+++ Input data

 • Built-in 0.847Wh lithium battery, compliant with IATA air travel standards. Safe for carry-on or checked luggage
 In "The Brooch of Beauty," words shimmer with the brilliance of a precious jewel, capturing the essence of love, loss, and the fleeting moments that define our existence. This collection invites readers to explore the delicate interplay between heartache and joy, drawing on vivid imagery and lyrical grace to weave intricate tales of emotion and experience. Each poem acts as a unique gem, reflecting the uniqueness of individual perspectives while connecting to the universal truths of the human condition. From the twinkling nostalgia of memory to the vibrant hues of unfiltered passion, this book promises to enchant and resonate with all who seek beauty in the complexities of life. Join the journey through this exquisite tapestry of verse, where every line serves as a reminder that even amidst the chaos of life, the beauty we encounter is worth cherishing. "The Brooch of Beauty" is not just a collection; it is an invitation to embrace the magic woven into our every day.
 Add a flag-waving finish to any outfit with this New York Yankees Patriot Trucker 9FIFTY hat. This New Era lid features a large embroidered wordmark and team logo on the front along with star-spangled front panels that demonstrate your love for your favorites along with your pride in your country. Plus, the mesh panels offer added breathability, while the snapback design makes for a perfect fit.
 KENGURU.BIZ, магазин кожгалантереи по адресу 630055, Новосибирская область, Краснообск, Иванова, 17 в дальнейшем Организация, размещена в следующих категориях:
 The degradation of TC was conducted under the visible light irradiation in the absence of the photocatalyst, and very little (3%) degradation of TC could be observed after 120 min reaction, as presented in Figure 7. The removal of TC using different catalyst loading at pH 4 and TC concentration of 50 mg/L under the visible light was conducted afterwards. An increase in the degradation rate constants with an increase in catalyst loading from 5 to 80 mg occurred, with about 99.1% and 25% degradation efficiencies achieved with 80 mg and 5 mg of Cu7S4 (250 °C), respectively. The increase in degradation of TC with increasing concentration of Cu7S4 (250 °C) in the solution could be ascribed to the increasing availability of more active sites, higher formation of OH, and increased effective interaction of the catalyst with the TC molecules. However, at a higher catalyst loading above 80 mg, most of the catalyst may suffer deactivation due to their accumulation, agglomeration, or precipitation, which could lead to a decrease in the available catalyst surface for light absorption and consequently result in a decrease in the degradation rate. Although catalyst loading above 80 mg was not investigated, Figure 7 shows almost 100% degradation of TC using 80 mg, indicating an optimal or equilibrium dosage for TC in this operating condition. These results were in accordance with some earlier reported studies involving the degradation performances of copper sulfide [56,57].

++++++

- _What you need to do_
Among the lines of the data, identify those with the word "that". Copy each of them.

- _Solution to the exercise_
 In "The Brooch of Beauty," words shimmer with the brilliance of a precious jewel, capturing the essence of love, loss, and the fleeting moments that define our existence. This collection invites readers to explore the delicate interplay between heartache and joy, drawing on vivid imagery and lyrical grace to weave intricate tales of emotion and experience. Each poem acts as a unique gem, reflecting the uniqueness of individual perspectives while connecting to the universal truths of the human condition. From the twinkling nostalgia of memory to the vibrant hues of unfiltered passion, this book promises to enchant and resonate with all who seek beauty in the complexities of life. Join the journey through this exquisite tapestry of verse, where every line serves as a reminder that even amidst the chaos of life, the beauty we encounter is worth cherishing. "The Brooch of Beauty" is not just a collection; it is an invitation to embrace the magic woven into our every day.
 Add a flag-waving finish to any outfit with this New York Yankees Patriot Trucker 9FIFTY hat. This New Era lid features a large embroidered wordmark and team logo on the front along with star-spangled front panels that demonstrate your love for your favorites along with your pride in your country. Plus, the mesh panels offer added breathability, while the snapback design makes for a perfect fit.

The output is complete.